Französische Restaurants haben die Eigenart, ringsum an den Wänden mit augenhoch angebrachten Spiegeln ausgestattet zu sein. Sinn und Zweck dieser Installation ist, dass so auch das Treiben der Restaurantgesellschaft beobachten kann, wer mit dem Rücken zum Geschehen sitzt. Die Franzosen sind schlau, sie schaffen die billigen Plätze ab. Gastwirte anderer Nationalitäten haben sich den Trick bereits abgeschaut, in bester Absicht für das Wohl ihrer Gäste.
Doch wie alles Gutgemeinte auf der Welt sind auch diese Spiegel leider nicht ohne Risiken und Nebenwirkungen. Kaum hat man im Restaurant gegenüber einer reflektierenden Glaswand Platz genommen und könnte nun, der rückwärtigen Sitzposition zum Trotz, bequem den Ausblick in den Gastraum genießen, schon zieht das eigene Spiegelbild alle Aufmerksamkeit auf sich. Mit der Konzentration ist es aus und vorbei: Man kann ab jetzt nirgends mehr hinschauen als in die unerbittlich zurückstierenden Augen der eigenen Reflektion.

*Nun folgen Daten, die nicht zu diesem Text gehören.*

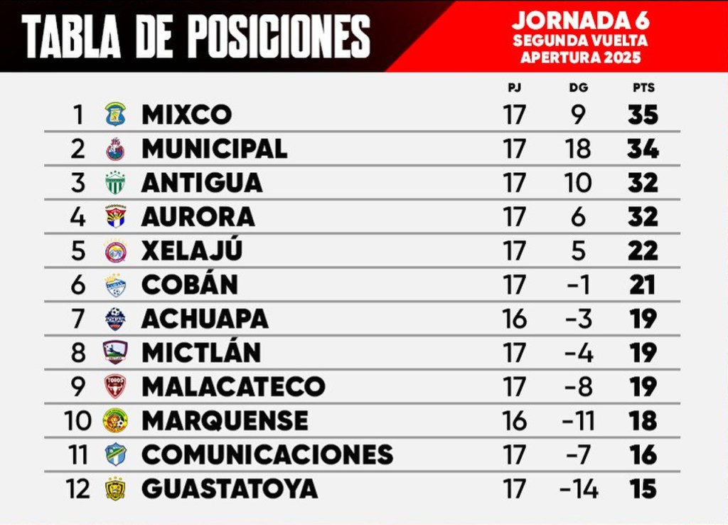 Comunicaciones también respiró. Tras seis jornadas sin triunfo, los albos vencieron 2-0 a Achuapa y mantienen vivas sus aspiraciones de clasificar. En tanto, Malacateco ganó el Derbi de San Marcos al imponerse 2-1 a Marquense, un resultado que lo mantiene con vida en la pelea por los ocho mejores.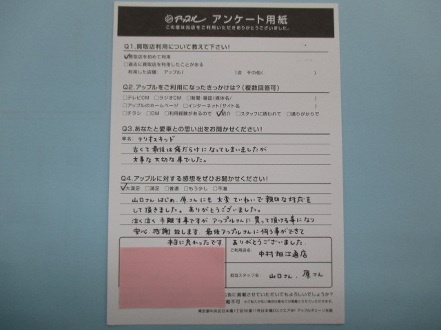 山口さんはじめ、原さんにも大変丁寧で親切な対応をして頂きました。ありがとうございました。泣く泣く手放す車ですが、アップルさんに買って頂ける事になり、安心・感謝致します。最後にアップルさんに伺う事ができて本当に良かったです。ありがとうございました。

Anfangs tut man es vielleicht noch unbewusst, in einen Spiegel schaut man halt mal, wenn sich die Gelegenheit bietet. Sitzt die Frisur, wie tief sind die Augenringe? So, jetzt reicht’s aber, man sollte nun das Interieur des Restaurants bewundern, die flinken Kellner und die interessanten Herrschaften am Nebentisch. Vor allem sollte man sich mit den Menschen an seinem eigenen Tisch beschäftigen. Stattdessen wandert der Blick zum Spiegel. Immer wieder. Das eigene Spiegelbild drängt sich auf wie ein angetrunkener Mann mit schlechtem Atem. Man wird wütend: Wie kann das sein, dass ich ständig mich selbst anschauen muss? Bin ich wirklich so narzisstisch? Man würde gerne woanders hinschauen, um sich zu vergewissern, dass es nicht so ist. Aber der so ungünstig auf Augenhöhe platzierte Spiegel zerrt den Blick zurück zum eigenen Antlitz. Man ist gefangen. Das permanente Anbiedern des eigenen Spiegelbilds führt leider auch dazu, dass man die ganze Zeit an seinem Gesicht herumfummelt, die Haare öffnet und wieder zusammenbindet, die Bluse glattstreicht, es ist zum Wahnsinnigwerden. Wir kennen das Phänomen auch von Skype oder FaceTime: obwohl die Videotelefonie ja eigentlich dazu gedacht ist, seinem Gegenüber mal wieder ins Gesicht zu schauen, zwingt eine unsichtbare Macht dazu, doch immer wieder das eigene Bild zu betrachten. Am Ende legt man auf und weiß gar nicht, wie die gute Freundin nach drei Monaten Neuseeland denn nun aussieht.
Eine Umfrage im Freundeskreis hat ergeben, dass es sich bei dieser bizarren Variante der Selbst-Obsession keineswegs um ein Einzelphänomen der ohnehin flächendeckend unter narzisstischen Störungen leidenden Modewelt handelt. Auch andere Branchen, ja selbst unscheinbare Privatpersonen sind betroffen. Das Problem ist, dass die unablässige Selbstbetrachtung keineswegs als Genuss empfunden wird, so wie etwa dann, wenn man spätabends beschwipst nach Hause kommt und eine halbe Stunde einem klassischen Bedürfnis des Geheimen Single-Verhaltens (GSV) nachgibt, nämlich dem Pickelausdrücken. Im Restaurant ist es anders. Man kommt hier der Geselligkeit wegen her, man möchte Gespräche führen, andere Leute beobachten, inspiriert werden. Und dann kommt einem dieser verdammte Spiegel in die Quere.
Dass Spiegel gefährliche Geräte sind, wusste schon Schneewittchens böse Königin. Unsereins muss nicht gleich um Existenzverlust fürchten, wenn wir mal wieder nur uns selbst anschauen. Aber Angst macht der Zwang zur Selbstbetrachtung trotzdem. Der Spiegel führt uns vor, dass die Nächstenliebe ein Märchen aus der Bibel ist. Wir sind nur hier, um uns selbst zu lieben. Selbst wer andere liebt, tut das letztlich nur für sich selbst. Gruselig, aber wahr: Wenn man es recht bedenkt, ist jeder von uns eigentlich ganz allein auf der Welt, denn am Ende kämpft jeder von uns für nichts anderes als das eigene Wohl. Und sogar wer zusammen mit einem vollbesetzten Restaurant in den Spiegel schaut, sieht tatsächlich nur sich selbst. Das ist eigentlich viel mehr als nur ein Luxusproblem.